Outside the brain: an inside view on transgenic animal and stem cell-based models to examine neuronal serotonin-dependent regulation of HPA axis-controlled events during development and adult stages.

Abstract

Recently, Trista North and colleagues showed that neuronal synthesis of serotonin is an essential key process for embryonic hematopoietic stem (HPS) cell production in zebrafish. Using their experimental design, they were able to show that neuronal serotonin activates the stress-responsive hypothalamic-pituitary-adrenal (HPA) axis and glucocorticoid receptor activity which in turn induces HPS cell formation. In our perspective, we give a short overview on established experimental approaches for serotonergic neurotransmission in vivo and in vitro and their potential to address putative contributions of serotonergic neurotransmission to physiological processes beyond the central nervous systems (CNS). We briefly introduce common features of brain serotonin-depleted, tryptophan hydroxylase-2 knockout mice, which can be applied to investigate the contribution of brain-derived serotonin to developmental and adult physiological processes outside the CNS. These models allow to analyzing gender-specific, HPA axis-dependent processes in female and male knockout mice during developmental and adult stages.

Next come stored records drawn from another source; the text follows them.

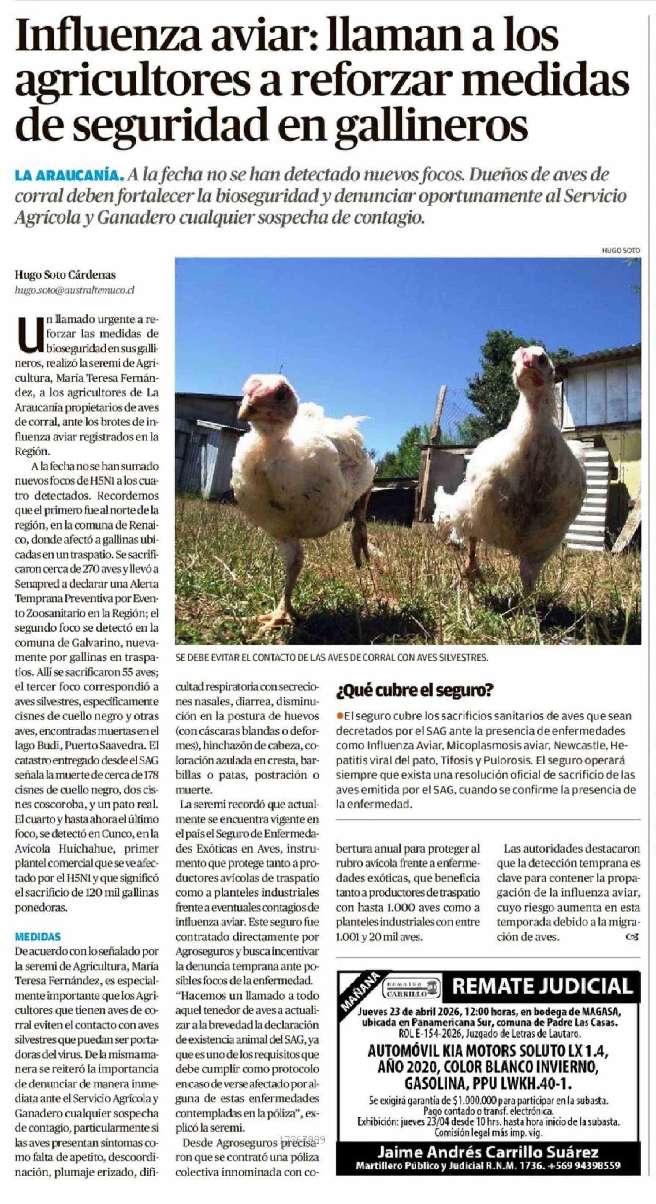 Influenza aviar: llaman a los agricultores a reforzar medidas de seguridad en gallineros
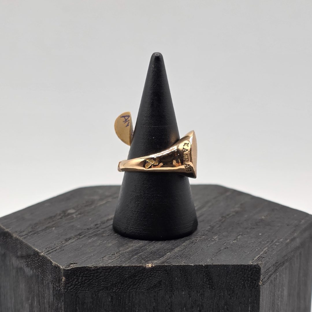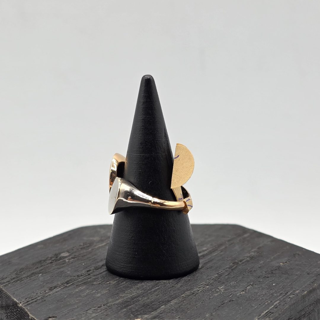Este elegante anillo combina dos círculos perfectos, cada uno con un acabado único, que representan la armonía entre el brillo y la suavidad.
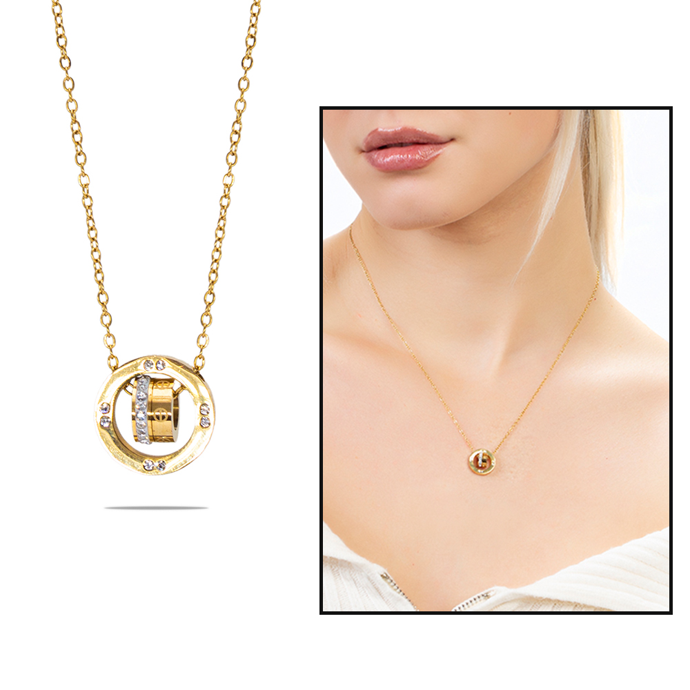 3 lü Halka Tasarım Altın Renk Çelik Kadın Kolye
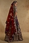 Featuring a gracious maroon lehenga in raw silk base, an ideal choice for the Indian bride. This chic lehenga set has the ageless craftsmanship of silk thread, dabka, sequins, cutdana and zardosi embroidery. It includes a matching blouse and two net dupattas to complete the bridal look. Style the look with dangler earrings and heels for the perfect sangeet, wedding, or engagement ceremony.
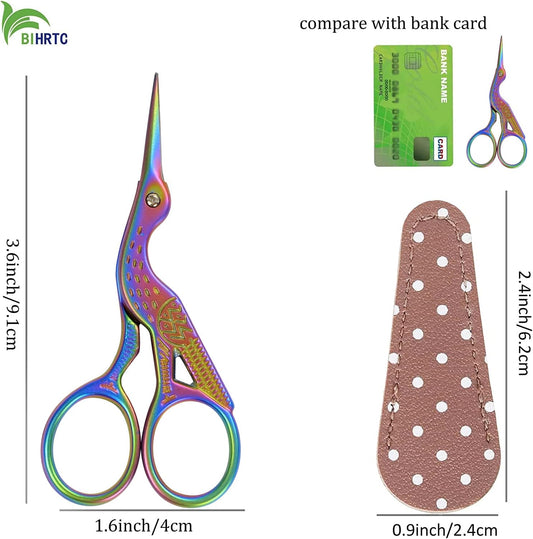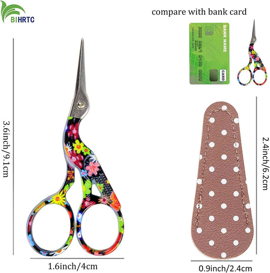 BIHRTC 3.6 Inch Small Crane Precision Detail Scissors Protective Leather Cover Stainless Steel Sharp Tip Needlepoint Scissors for Sewing Crafting Embroidery Scrapbooking
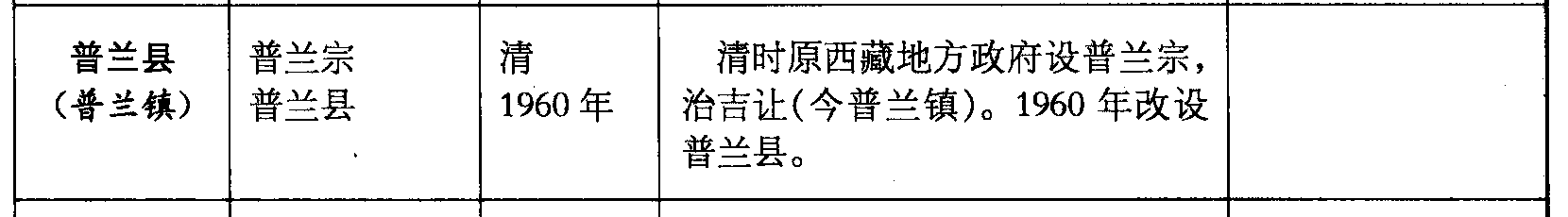 普兰县(普兰镇)普兰宗普兰县清1960年清时原西藏地方政府设普兰宗,治吉让(今普兰镇)。1960年改设普兰县。
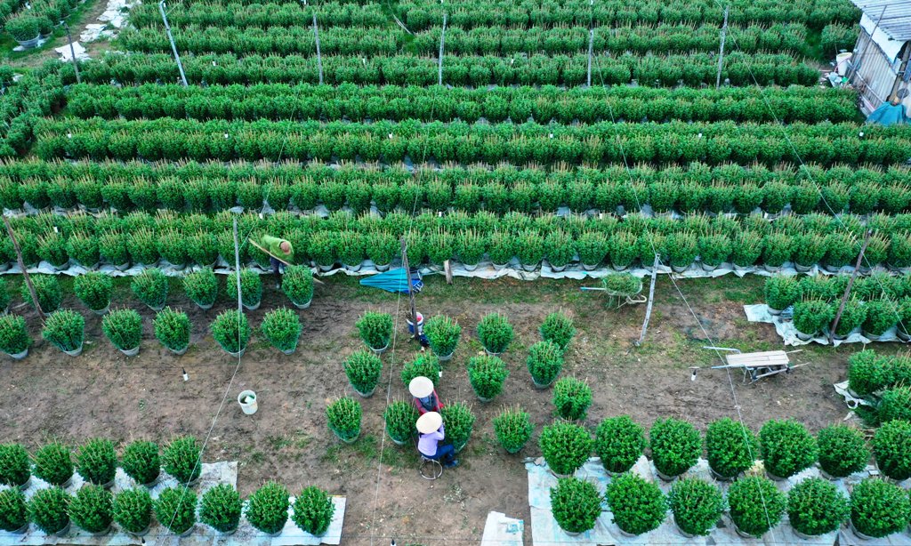 Thời điểm này, nhiều vườn hoa cúc chậu được chăm chút kỹ lưỡng để kịp nở hoa vào đúng dịp Tết Nguyên đán
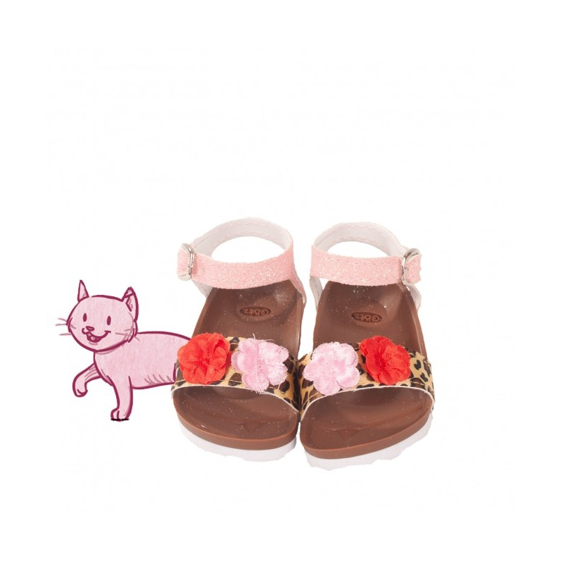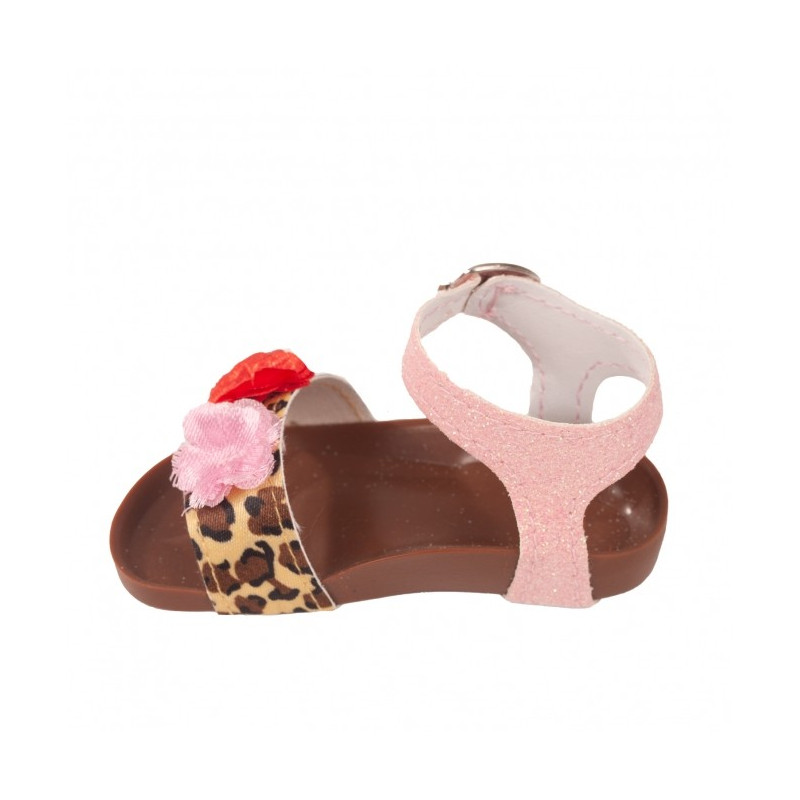 Vous trouverez des paillettes roses sur la partie cheville et du satin motif léopard sur l'avant-pied, souligné par de jolies fleurs.

We also highlight the application of human and mouse stem cell-derived serotonergic neurons as an independent research model as well as complementary experimental approach to transgenic animal models. In case of human serotonergic neurotransmission, human in vitro-generated neurons present a very promising and highly valuable experimental approach to address characteristics of human neuronal serotonin signaling on a molecular and cellular level. The combination of transgenic animal models and newly established stem cell technologies will provide powerful research platforms, which will help to answer yet unsolved mysteries of serotonergic neurotransmission.